• _TASK MATERIAL_
- - - - - - -
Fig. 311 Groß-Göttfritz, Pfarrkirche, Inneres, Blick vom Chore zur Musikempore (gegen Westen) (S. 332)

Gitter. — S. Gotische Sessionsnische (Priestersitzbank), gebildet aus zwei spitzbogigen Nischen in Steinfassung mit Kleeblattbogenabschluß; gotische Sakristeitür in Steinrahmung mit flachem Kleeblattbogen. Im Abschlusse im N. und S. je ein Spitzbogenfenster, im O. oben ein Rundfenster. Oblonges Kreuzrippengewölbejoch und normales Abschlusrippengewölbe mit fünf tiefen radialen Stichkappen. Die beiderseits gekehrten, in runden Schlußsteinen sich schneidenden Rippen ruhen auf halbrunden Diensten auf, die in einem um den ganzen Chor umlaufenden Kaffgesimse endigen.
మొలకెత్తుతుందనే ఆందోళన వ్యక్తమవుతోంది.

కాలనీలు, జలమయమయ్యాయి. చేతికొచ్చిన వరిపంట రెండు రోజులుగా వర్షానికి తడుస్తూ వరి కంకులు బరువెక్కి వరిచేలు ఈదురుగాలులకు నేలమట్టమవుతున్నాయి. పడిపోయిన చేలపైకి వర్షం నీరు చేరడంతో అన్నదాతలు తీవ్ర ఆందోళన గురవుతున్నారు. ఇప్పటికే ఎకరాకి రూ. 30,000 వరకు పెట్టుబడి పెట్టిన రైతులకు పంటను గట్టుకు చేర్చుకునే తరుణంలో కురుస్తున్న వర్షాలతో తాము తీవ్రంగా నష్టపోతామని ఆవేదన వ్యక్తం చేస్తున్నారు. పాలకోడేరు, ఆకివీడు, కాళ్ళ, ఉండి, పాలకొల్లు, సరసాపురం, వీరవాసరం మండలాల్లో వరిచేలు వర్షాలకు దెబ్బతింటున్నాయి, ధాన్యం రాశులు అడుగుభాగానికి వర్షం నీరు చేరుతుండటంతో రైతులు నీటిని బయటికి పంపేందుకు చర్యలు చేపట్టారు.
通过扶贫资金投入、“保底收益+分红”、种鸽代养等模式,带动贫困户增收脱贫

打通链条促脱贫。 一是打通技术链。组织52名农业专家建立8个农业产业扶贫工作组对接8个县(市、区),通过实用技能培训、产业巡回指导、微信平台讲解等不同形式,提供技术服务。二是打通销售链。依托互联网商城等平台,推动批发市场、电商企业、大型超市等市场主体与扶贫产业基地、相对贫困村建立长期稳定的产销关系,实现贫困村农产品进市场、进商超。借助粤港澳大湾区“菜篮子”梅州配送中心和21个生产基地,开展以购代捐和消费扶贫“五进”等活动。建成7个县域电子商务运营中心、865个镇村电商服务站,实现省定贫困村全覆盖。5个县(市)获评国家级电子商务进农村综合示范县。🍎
- - - - - - -
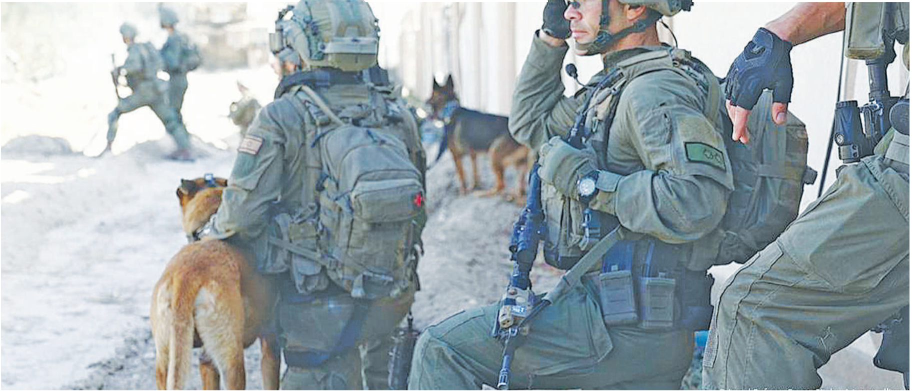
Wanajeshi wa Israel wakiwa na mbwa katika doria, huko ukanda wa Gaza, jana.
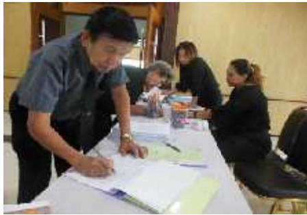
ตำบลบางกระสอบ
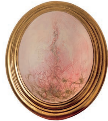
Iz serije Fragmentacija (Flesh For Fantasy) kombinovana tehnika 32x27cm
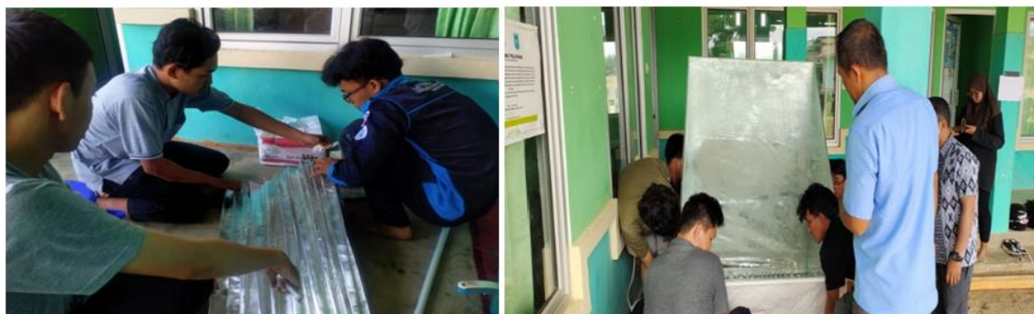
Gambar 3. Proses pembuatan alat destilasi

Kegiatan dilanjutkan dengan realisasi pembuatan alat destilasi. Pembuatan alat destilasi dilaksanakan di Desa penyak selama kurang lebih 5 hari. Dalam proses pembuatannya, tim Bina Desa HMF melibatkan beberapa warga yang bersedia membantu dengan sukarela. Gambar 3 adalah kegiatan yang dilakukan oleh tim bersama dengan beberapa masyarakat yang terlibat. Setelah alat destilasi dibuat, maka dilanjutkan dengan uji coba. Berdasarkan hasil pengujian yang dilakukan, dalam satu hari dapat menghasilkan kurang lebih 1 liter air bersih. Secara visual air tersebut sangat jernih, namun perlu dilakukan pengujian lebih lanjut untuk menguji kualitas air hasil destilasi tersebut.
- - - - - - -
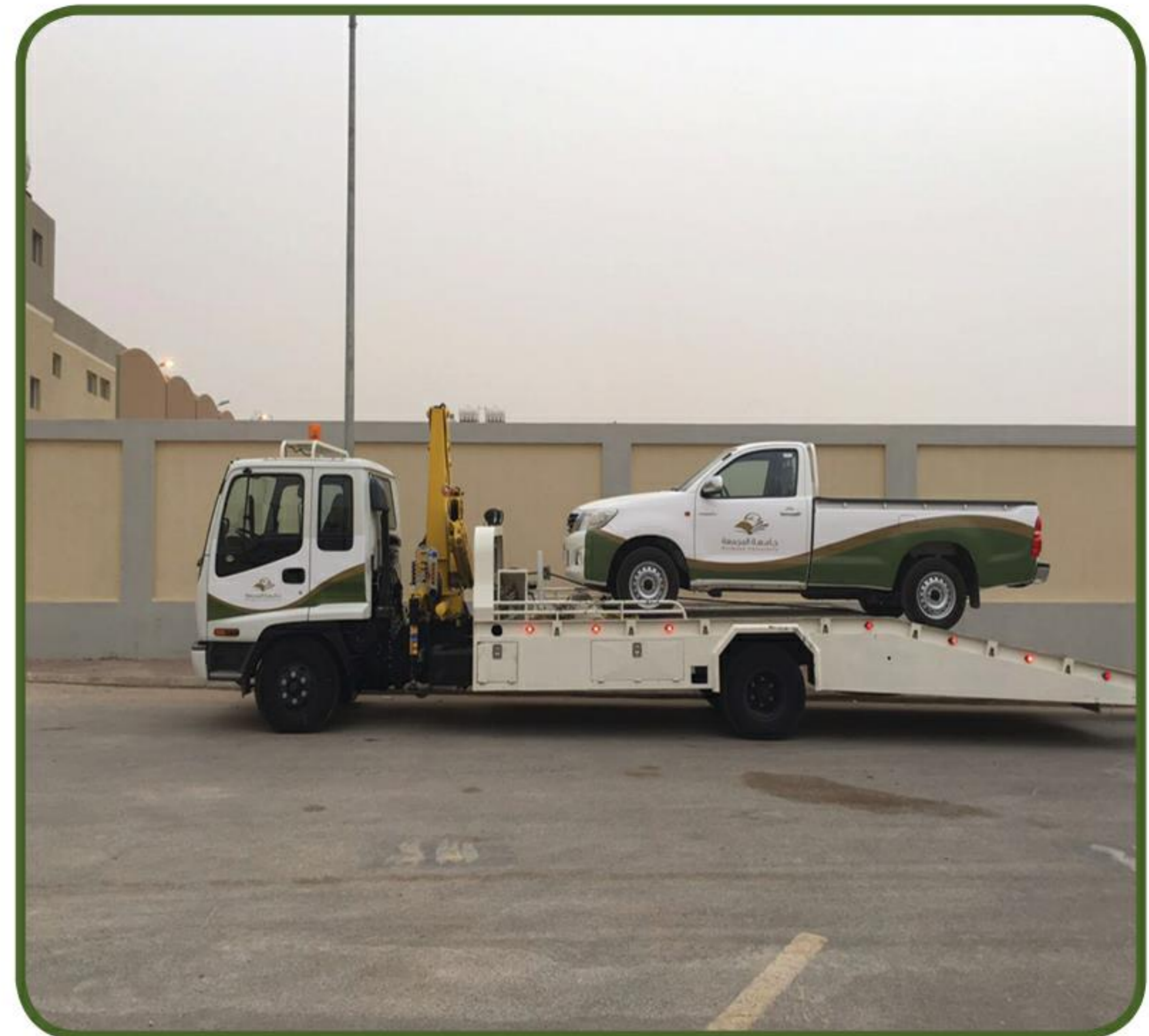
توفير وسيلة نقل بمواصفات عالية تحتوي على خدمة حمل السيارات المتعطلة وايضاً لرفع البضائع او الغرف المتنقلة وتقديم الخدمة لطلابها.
- - - - - - -
• _WHAT IS NEEDED_
Your answer is the exact run of lines above from the one with "Iz serije Fragmentacija" through the one with "Gambar 3. Proses pembuatan alat destilasi", both ends included, minus any picture.

• _EXPECTED ANSWER_
Iz serije Fragmentacija (Flesh For Fantasy) kombinovana tehnika 32x27cm
Gambar 3. Proses pembuatan alat destilasi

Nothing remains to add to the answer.